YOUR TASK —
Print the whole listing again exactly, keeping no pictures in it.

----- DATA RECORDS -----

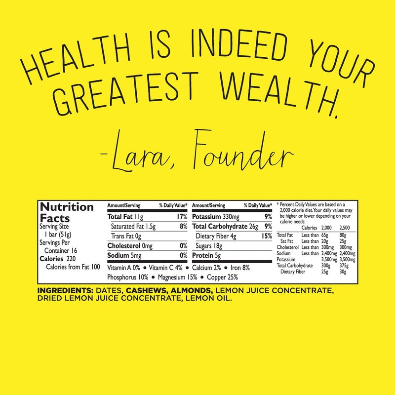 - REAL FRUIT: 6-ingredient whole food bar made from a simple blend of dates, cashews, almonds, lemon juice concentrate, dried lemon juice concentrate, natural lemon flavor
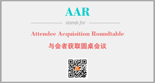 上述内容是“Attendee Acquisition Roundtable”作为“AAR”的缩写,解释为“与会者获取圆桌会议”时的信息,以及英文缩略词AAR所代表的英文单词,其对应的中文拼音、详细解释以及在英文中的流行度和相关分类、应用领域及应用示例等。
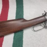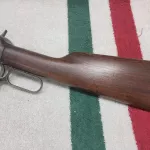 The bluing on barrel, magazine and lever is approximately 75% and the receiver is 20%. Barrel is 26” with a 2/3 magazine, and the muzzle looks excellent. The metal is excellent with no dings, scratches, etc. There is no rust or corrosion evident. A few rub marks on the right side of action. Sights are in excellent condition and period correct. Bore is clean and does not appear to have seen black powder, there is no corrosion, it’s nice and shiney, with rifling in good condition. Screws have been used but are in very good condition. All lettering and the serial number are crisp and clear.
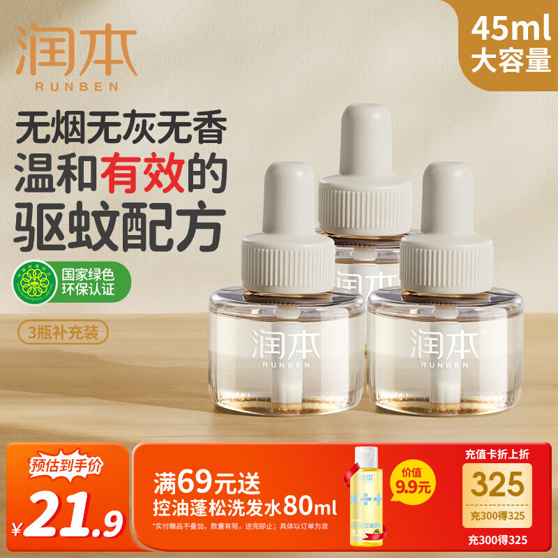 润本(RUNBEN)蚊香液电蚊香驱蚊液90晚45ml×3瓶补充装防蚊无香型
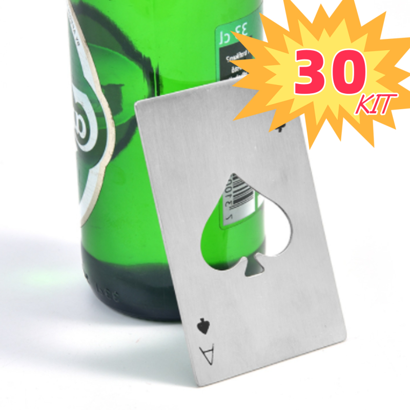 Kit 30 Abridor de Garrafa Formato Carta De Baralho As De Espadas Aco Inox
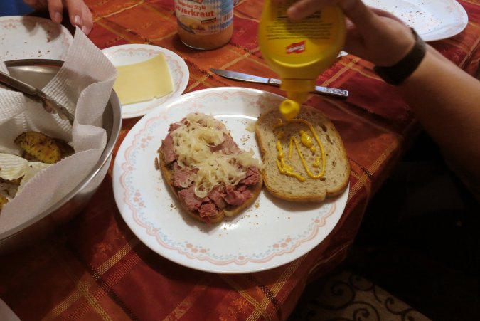 We have Corned Beef Brisket, sauerkraut on Reuben bread with spiced
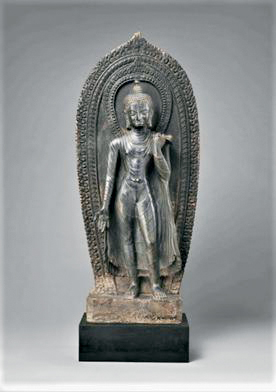This masterpiece features a calm, serene expression combined with the gentle, delicate modeling characteristic of Buddha images. The Buddha’s left hand is holding the end of his diaphanous robe while the right hand is extended in the gesture of munificence. Bangdel determined that the overall style is reminiscent of the Mathura school of north India, the oval halo with pearl and flame motif is in Nepal’s Licchavi tradition of (5th-8th century CE), and the flame border around the entire image reflects post-Licchavi period influence. He estimated that this statue was carved in the 11th-12th century CE during the late Thakuri period of rule.
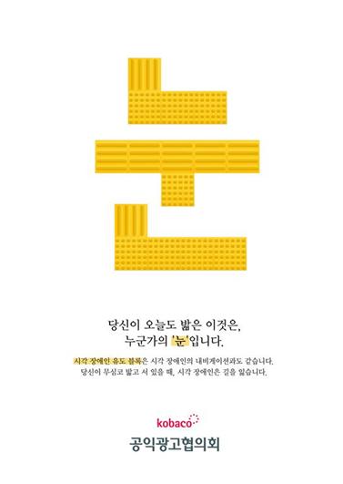 이 작품은 거리의 시각장애인 유도 블록을 무심코 밟는 행위가 시각장애인의 길을 잃게 만들 수 있다는 메시지를 담아 일상에서 인간 존중의 가치를 일깨워 주는 탁월한 작품이라는 평가를 받았다.
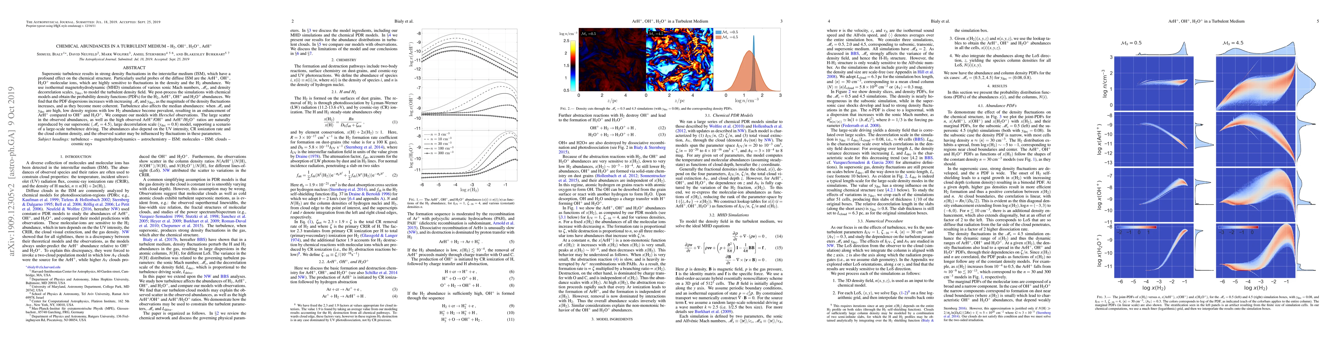 This paper investigates how supersonic turbulence in the interstellar medium affects chemical abundances of H$_2$, OH$^+$, H$_2$O$^+$, and ArH$^+$. Using MHD simulations and chemical models, it finds that turbulence increases the dispersion and alters the median of these abundances, particularly enhancing ArH$^+$ in low-density regions, which matches observed abundance ratios and scatter.

-----

EXERCISE OUTPUT —
 - REAL FRUIT: 6-ingredient whole food bar made from a simple blend of dates, cashews, almonds, lemon juice concentrate, dried lemon juice concentrate, natural lemon flavor
 上述内容是“Attendee Acquisition Roundtable”作为“AAR”的缩写,解释为“与会者获取圆桌会议”时的信息,以及英文缩略词AAR所代表的英文单词,其对应的中文拼音、详细解释以及在英文中的流行度和相关分类、应用领域及应用示例等。
 The bluing on barrel, magazine and lever is approximately 75% and the receiver is 20%. Barrel is 26” with a 2/3 magazine, and the muzzle looks excellent. The metal is excellent with no dings, scratches, etc. There is no rust or corrosion evident. A few rub marks on the right side of action. Sights are in excellent condition and period correct. Bore is clean and does not appear to have seen black powder, there is no corrosion, it’s nice and shiney, with rifling in good condition. Screws have been used but are in very good condition. All lettering and the serial number are crisp and clear.
 润本(RUNBEN)蚊香液电蚊香驱蚊液90晚45ml×3瓶补充装防蚊无香型
 Kit 30 Abridor de Garrafa Formato Carta De Baralho As De Espadas Aco Inox
 We have Corned Beef Brisket, sauerkraut on Reuben bread with spiced
This masterpiece features a calm, serene expression combined with the gentle, delicate modeling characteristic of Buddha images. The Buddha’s left hand is holding the end of his diaphanous robe while the right hand is extended in the gesture of munificence. Bangdel determined that the overall style is reminiscent of the Mathura school of north India, the oval halo with pearl and flame motif is in Nepal’s Licchavi tradition of (5th-8th century CE), and the flame border around the entire image reflects post-Licchavi period influence. He estimated that this statue was carved in the 11th-12th century CE during the late Thakuri period of rule.
 이 작품은 거리의 시각장애인 유도 블록을 무심코 밟는 행위가 시각장애인의 길을 잃게 만들 수 있다는 메시지를 담아 일상에서 인간 존중의 가치를 일깨워 주는 탁월한 작품이라는 평가를 받았다.
 This paper investigates how supersonic turbulence in the interstellar medium affects chemical abundances of H$_2$, OH$^+$, H$_2$O$^+$, and ArH$^+$. Using MHD simulations and chemical models, it finds that turbulence increases the dispersion and alters the median of these abundances, particularly enhancing ArH$^+$ in low-density regions, which matches observed abundance ratios and scatter.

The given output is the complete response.